Task statement
Each line below is to be repeated exactly; any picture is to be left out.

Data block
^^^^^^^^^^^^^^^^

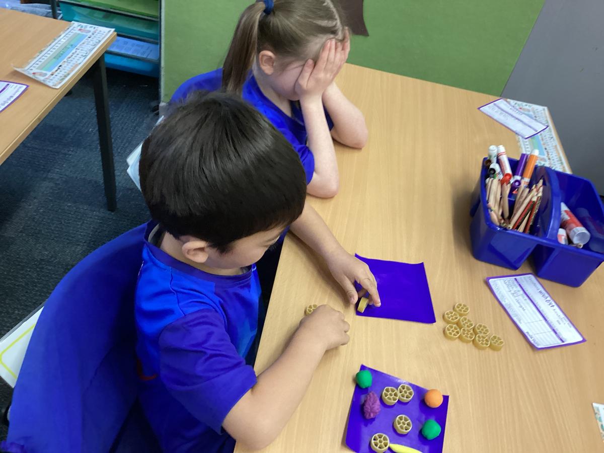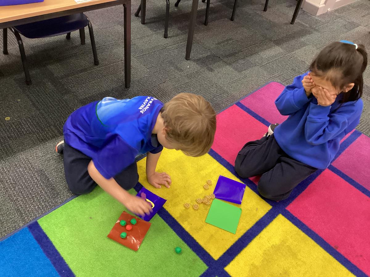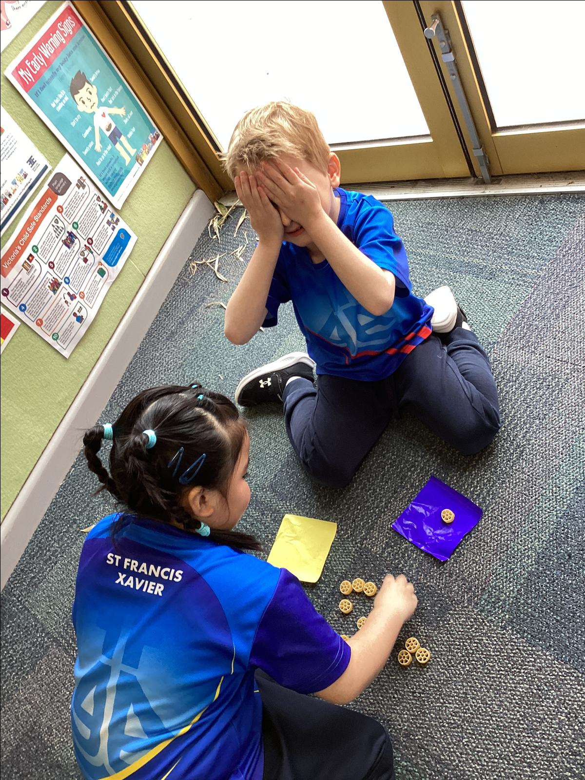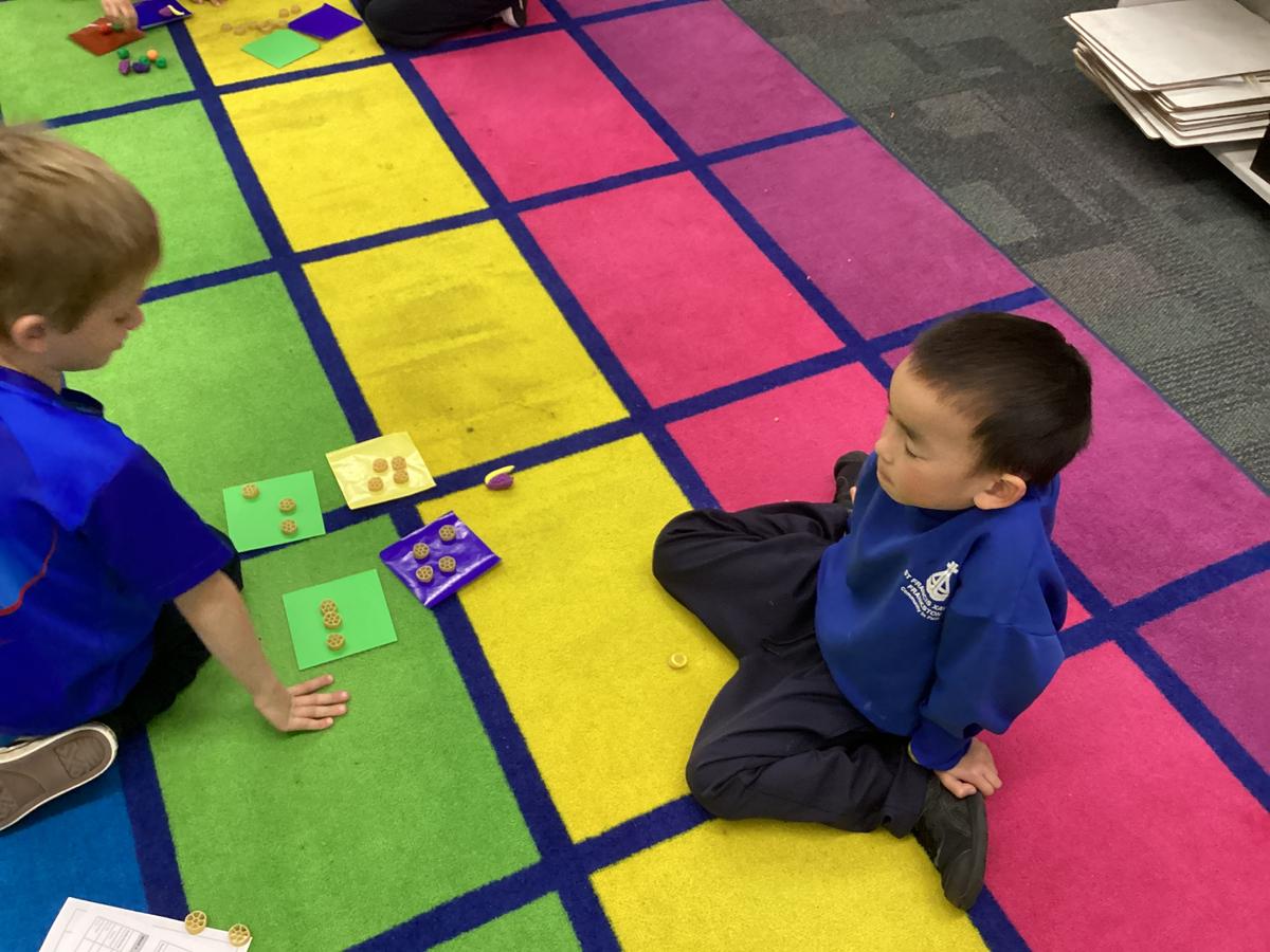This week, the students were introduced to the foundations of multiplication and division. They played a game called “Fair Share or Not Fair Share.” The purpose of the game is to help students identify equal and unequal groups, which is a fundamental skill. Partner A divided objects into groups while Partner B closed their eyes. Then, Partner B counted the groups and determined whether the objects were shared equally. If the groups were equal, they said “Fair Share,” and if they were unequal, they said “Not Fair Share.”
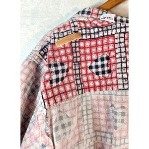 Womens Vintage Button Up Shirt Fitting Image XXL Cotton Hearts Country Cottage
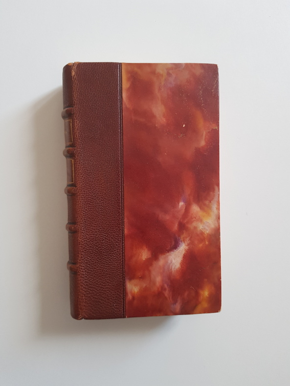 1890 4 volumes, reliure demi-chagrin havane (binding half shagreen) in-douze (duodecimo), dos 4 nerfs (spine with raised bands) - entre-nerfs à fleuron (floweret) - titre frappé or (gilt title), papier marbré aux plats (cover with marbled paper), tête jaspée (marbled top edge) gouttière rognée (fore-edge smoothe), marque-page en tissu vert (bookmark in tissue), illustrations : bandeaux (headpiece) + lettrines (dropped initial) + culs-de-lampe (tailpiece), 204+236+283+224 pages, les années 1880 à Paris Alphonse Lemerre Editeur,

^^^^^^^^^^^^^^^^

Result of the task
This week, the students were introduced to the foundations of multiplication and division. They played a game called “Fair Share or Not Fair Share.” The purpose of the game is to help students identify equal and unequal groups, which is a fundamental skill. Partner A divided objects into groups while Partner B closed their eyes. Then, Partner B counted the groups and determined whether the objects were shared equally. If the groups were equal, they said “Fair Share,” and if they were unequal, they said “Not Fair Share.”
 Womens Vintage Button Up Shirt Fitting Image XXL Cotton Hearts Country Cottage
 1890 4 volumes, reliure demi-chagrin havane (binding half shagreen) in-douze (duodecimo), dos 4 nerfs (spine with raised bands) - entre-nerfs à fleuron (floweret) - titre frappé or (gilt title), papier marbré aux plats (cover with marbled paper), tête jaspée (marbled top edge) gouttière rognée (fore-edge smoothe), marque-page en tissu vert (bookmark in tissue), illustrations : bandeaux (headpiece) + lettrines (dropped initial) + culs-de-lampe (tailpiece), 204+236+283+224 pages, les années 1880 à Paris Alphonse Lemerre Editeur,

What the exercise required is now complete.